- Mashan Location within Nigeria
- Coordinates: 09°50′33″N 08°20′47″E﻿ / ﻿9.84250°N 8.34639°E
- Country: Nigeria
- State: Kaduna State
- LGA: Zangon Kataf
- District: Zonzon
- Time zone: UTC+01:00 (WAT)
- 6-digit numeric: 802138
- Climate: Aw

= Mashan, Nigeria =

Mashan is a village situated within the Atyap Chiefdom in Zonzon (Zonzon) district at Zangon Kataf Local Government Area Kaduna State, Nigeria. It is a part of the Fantswamland region that reflects the history and the traditions of the Fantswam people. There is a Universal Basic Education (UBE) Primary School located in Mashan, Zangon Kataf which indicates the presence of basic educational infrastructure.

==Geography and Location==
Mashan is located in the southern part of Kaduna State. With geographic coordinates of and a postal code, 802138, which falls under the Zonzon district.

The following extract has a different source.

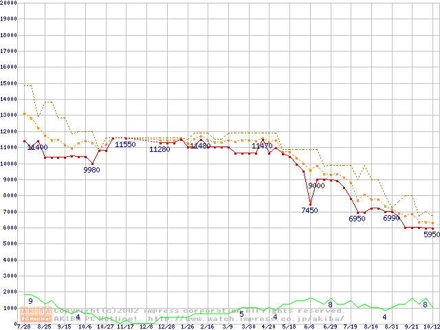 Athlon 1.1GHz(FSB200) バルクの価格推移

==Historical Significance==
Màshan has a history of settlement by various communities, including the Fantswam people before they reached Kafanchan. The migration of Fantswam people to Mashan reflects their search for a more favourable environment.

==Cultural Significance==
Mashan is part of the Fantswam people's history and cultural heritage. The Fantswam people's experience in Mashan contributed to their transition from a nomadic lifestyle to a stable, rooted society.

==Nearby settlement==
Mashan is surrounded by several nearby villages and towns, including Zonzon, Wawa-rafi, U/Tabo, Sakum, Mawokili, Matyei,Runji and Mabuhu, all of which share the same postal code. These neighbouring communities are an integral part of the region's cultural and geographical landscape.